読書家しろくまのすゝめ

〜読書家しろくまが読んだ本の紹介・現代への想いなどなど〜

教育社会学  ~人間の発達と社会・社会化~

社会化とは

 個人がある特定の社会集団の生活様式を学習し、その正規の成員にしあげられる過程(プロセス)のこと。特徴としては、①人間の発達や成長を社会的なものとして捉えている。②ある社会の成員になるために様々な集団に属しながら文化を取得する過程。

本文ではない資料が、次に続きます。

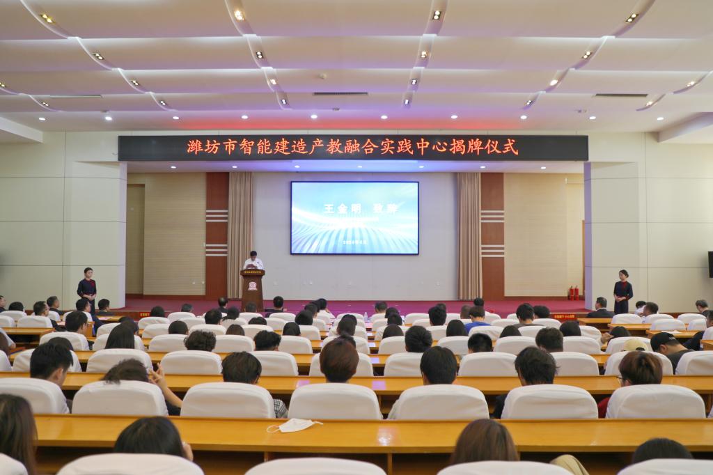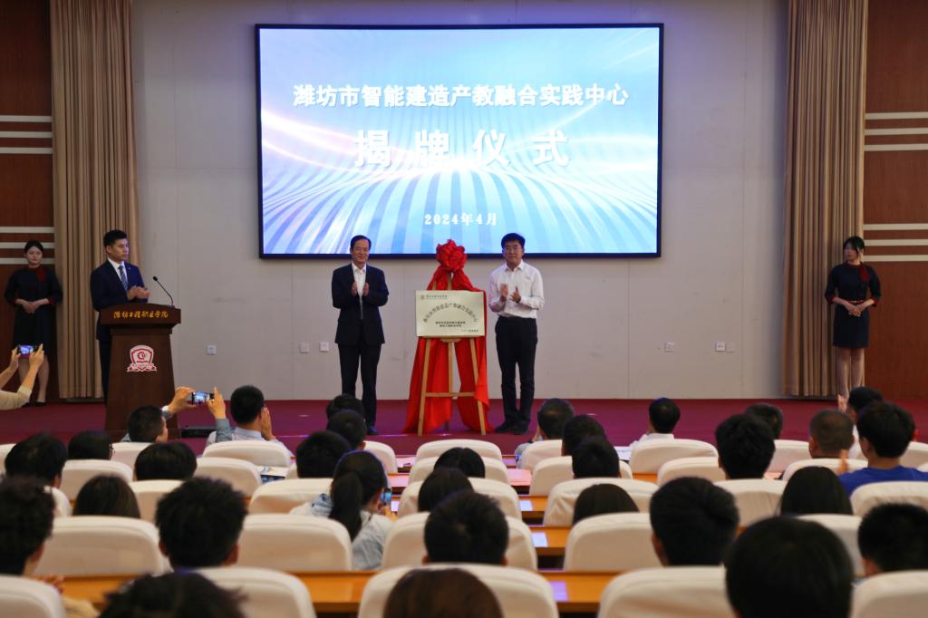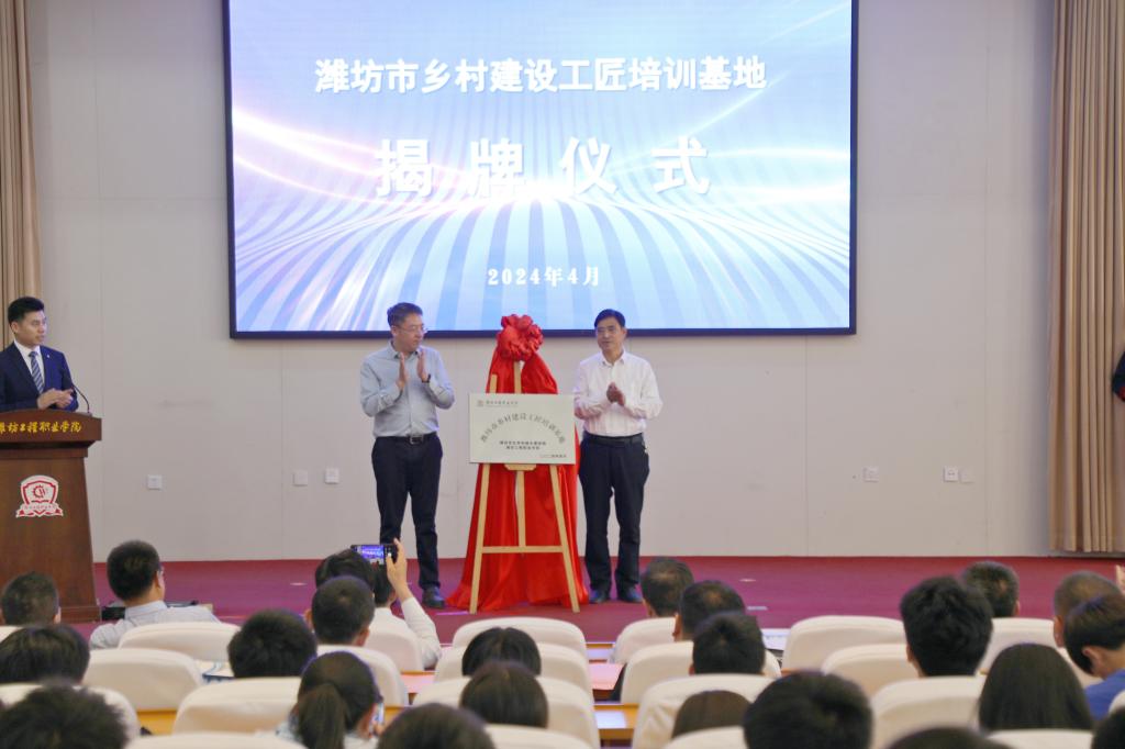 4月19日,潍坊市乡村建设工匠培训基地暨潍坊市智能建造产教融合实践中心揭牌仪式在我院举行。省住建厅村镇建设处处长李晓,潍坊市住房和城乡建设局党组书记、局长马冰,潍坊市住房和城乡建设局二级调研员张希林,青州市委常委、副市长王文成,学院党委副书记王金明,党委委员、副院长冯永光,党委委员、副院长赵庆松出席揭牌仪式,潍坊市财政局、人社局及各县市区住建部门相关负责人,建筑工程学院相关负责人及部分师生代表参加仪式。

 社会化概念に対する共通の視点として四つのことが挙げられる。①成員生の獲得である。②基本的に学習の獲得である。③他者との相互作用を通してパーソナリティを社会体系に結びつける過程である。④社会体系の維持・存続に関わる機能的要件である。

というものだ。

とらえ方

1.機能主義的アプローチ

  • 社会の維持存続に関わる社会の機能に焦点
  • 社会や集団などが持つ「働き(=機能)」に注目し、個人の中に社会が期待する価値や規範、行動様式が内面化されていく過程である
  • 個人に期待される役割の内面化を通して、社会の安定化と再生産に寄与する側面に焦点
  • 基本的に社会秩序の維持と安定化に寄与する側面を持つ

2.相互作用論的アプローチ

  • 社会化の過程を、他者との相互行為と解釈行為によって自己と社会との関係を調整していく連続的な過程として捉える
  • 「役割取得」を通じた自己形成と社会化
  • 「役割」は、細部まで成文化されたり規定されるわけでわない。行為の相手や状況によっても微妙に変化するため、「役割」は、現実には相互行為の場面の中で意味解釈を通じてさまざまに形成され変化していく
  • 社会化の過程は、他者との相互行為と解釈行為によって自己と社会の関係を調整していく連続的な過程
  • 他者の期待に照らして自己が形成されていく過程であると同時に、他者との関係の中で役割の内容や自己そのものが変容していく過程でもある

まとめ

 今日において、社会とは何か、社会化とは何かということを知ることは、役割意識や相互に作用しているといった観点から、自己を見直すことにつながる。そして、そう言った考えから、よりよい社会形成に近づくのではないだろうか。社会の一員として生きている以上、これからの社会を担う若者だけでなく、社会で活躍している人々にも知ってもらいたいと思う。